Modern dünyanın saldırısı sadece eşitsizliklere, adaletsizliklere; kitlesel yoksullaşmaya ve çatışmalara; maddî tabiatın ve canlı hayatın tahribine sebebiyet vermesinden ibaret değildir. Dini izafileştirmek, marjinalleştirmek, bireysel akla ve vicdana indirgemek istiyor. Hakikat'in tekliğine ve tek olana çok ve çoğulcu yollardan gidildiğine; ana akımın sekülerlik değil, ed-Din olduğuna ve bireysel akıl ve vicdanın üstünde evrensel kriter ve hükümlerin bağlayıcılığına inanan Müslümanlar -ki bu inanç yoksa 'iman' da yoktur- modernlikle hesaplaşma içinde olacaktır. Eş'ari'den Gazali'ye, İbn Teymiye'den İbn Arabi'ye Molla Sadra'dan Şah Veliyullah'a ve Said Nursi'ye bütün Müslüman müceddit, ıslahatçı ve ihyacı âlim ve müçtehidin mesleği ve yolu bu olmuştur.

Müslümanlar her ne ile suçlanıyorlarsa (fundamentalizm, fanatizm, terör, radikalizm, mutlakiyetçilik, teokrasi, totalitarizm, monarşi, ırkçılık vs.) bunların arkatiplerini Batı tarihinde ve modern Batı'da bulmak mümkün. Bu virüsler bize oralardan geldi.

Söz konusu olan Müslümanlardan çok İslam'dır. Baudrillard, Batı'nın kendisiyle mücadele halinde olduğu aktörler değil, İslam'ın kendisi olduğunu söyler. Baudrillard'a göre "Amerika ve Batı bir gerçeği anlamıyor: Esas mesele bir çeşit düşmanlıktan ziyade, kendi benmerkezcilikleri, bencillikleridir. Buna İslamiyet itiraz ettiği için Amerikalılar dünyada İslamiyet'i bloke ve nötralize etmek istiyorlar. Amerikalılar mert kahramanlar gibi savaşmıyorlar, imha ediyorlar ve misyoner gibi çarpışıyorlar. Müslümanlar, bu virtüelleştirilmiş bilinmezlik ve simülasyonlarla dolu hayat tarzının içine çekilmek istemiyorlar. Biz Batı'da bu yüzden Müslümanları hor görebiliyoruz. Ama artık Batı bir kültüre sahip değil. Hakikat'in özlemini duyuyoruz. Bu profesyonelce virtualize edilen dünya ile barışık değiliz." (Der Spigel, 4 Şubat 1991).

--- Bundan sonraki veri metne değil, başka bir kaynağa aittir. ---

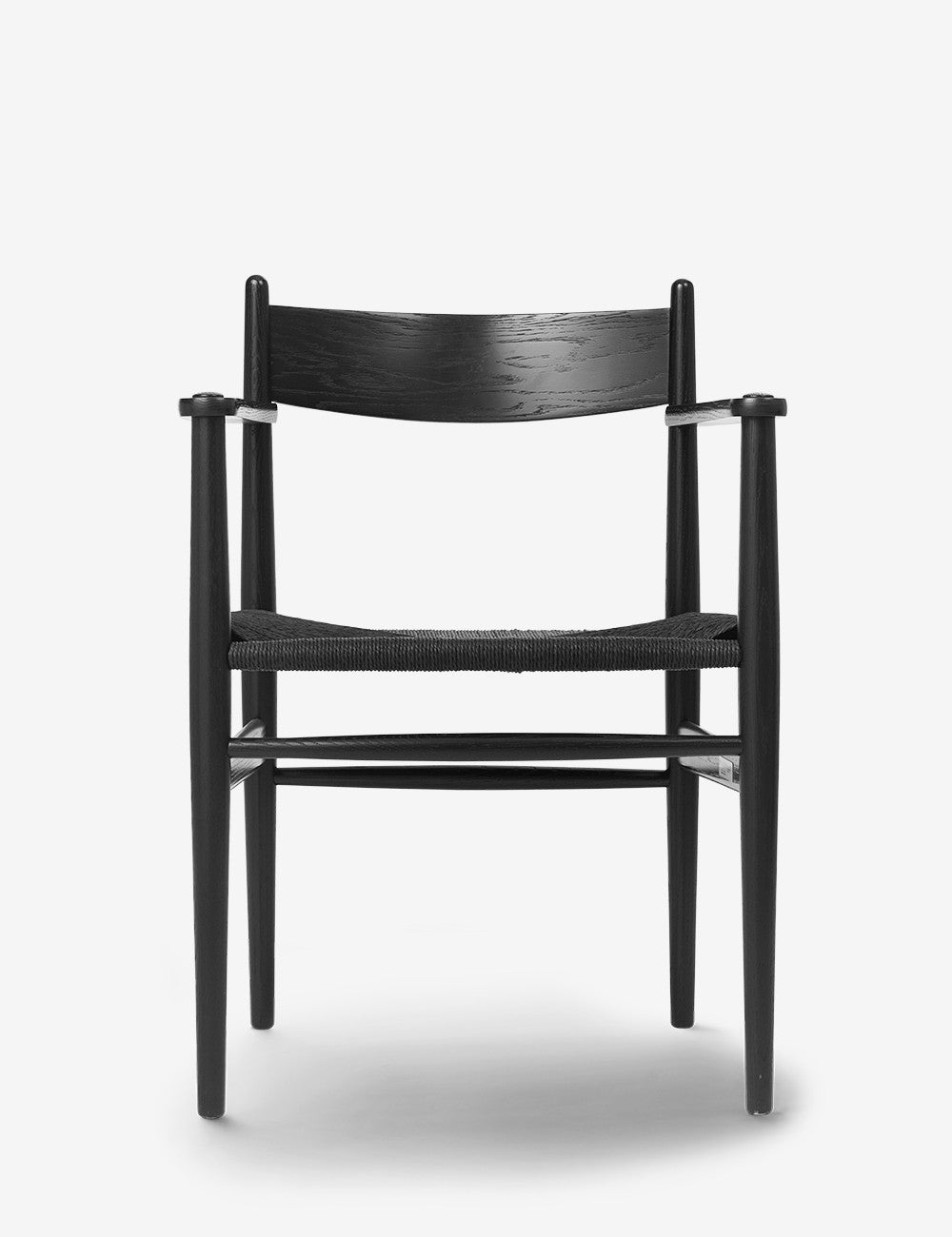 Las patas de la CH37 se estrechan ligeramente hacia el suelo y, en el caso de las traseras, también hacia arriba, creando un aspecto elegante. El respaldo está mucho más curvado en la parte superior que en la inferior para optimizar el apoyo de la espalda. La expresión global se completa con el armazón y el asiento tejidos a mano en resistente cuerda de papel.

Müslümanların meydan okuyuşu ve Batı'da yaşamaları kendi kusur ve zaaflarını hatırlamalarına, kendi gerçekleriyle yüzleşmelerine yol açıyor. Batı, İslam'a baktıkça kendi zayıflıklarını hissediyor, bu yüzden bastırmak istiyor. Batı, İslamiyet'i kendine benzetmedikçe, Protestanlaştırıp sekülerleştirmedikçe rahat edemeyeceğini düşünüyor. 1990'da Papa Vatikan'da Kardinaller toplantısında şöyle diyordu: "Bildiğim ve olayların seyrinden keşfedebildiğim kadarıyla Ortadoğu'da İslam'a karşı bir komplo hazırlanmış durumda. İslam'ın Avrupa'ya ulaşmasının engellenmesi amacıyla terörizm ve fanatizm bahanesiyle ABD'nin liderliğindeki komplo 1991'de uygulanmaya konulacak." Bernard Lewis, Huntintong, Fukayama vd.'nin doktrinleri, İslamafobia ve İslam ülkelerinde süren işgaller, sivil katliamlar, etnik ve mezhep kışkırtıcılığı ve yağmaların bilinenden farklı açıklaması var.

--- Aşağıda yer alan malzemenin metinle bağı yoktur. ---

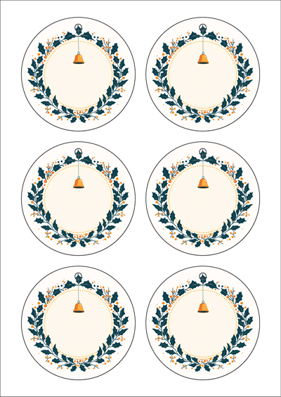 디자인된 A4 택 출력용 비점착 라벨, 규격코드: TLH0062, 디자인코드: DA1485(어서와요 크리스마스 파티에), 85 x 85 (mm)

İslamcıları, kendi dar siyasî ve aktüel gündemleri içinden bakarak eleştirenlerin hiper-modernliğin ötesine geçerken süren derin krizin ve İslam'ın krizden çıkışta sunduğu imkânların yeterince farkında olduklarını sanmıyorum.

Not: İslamcılık tartışmasına değerli kalemler katıldı, özellikle Hayrettin Karaman Hoca ve Yasin Aktay tartışmaya hem derinlik hem zenginlik kattılar. Eleştiriler de geldi; Türköne'ye yeri geldikçe atıfta bulundum. Mahçupyan'ın eleştirilerine yazı takvimim içinde cevap vermeye çalışacağım, inşallah.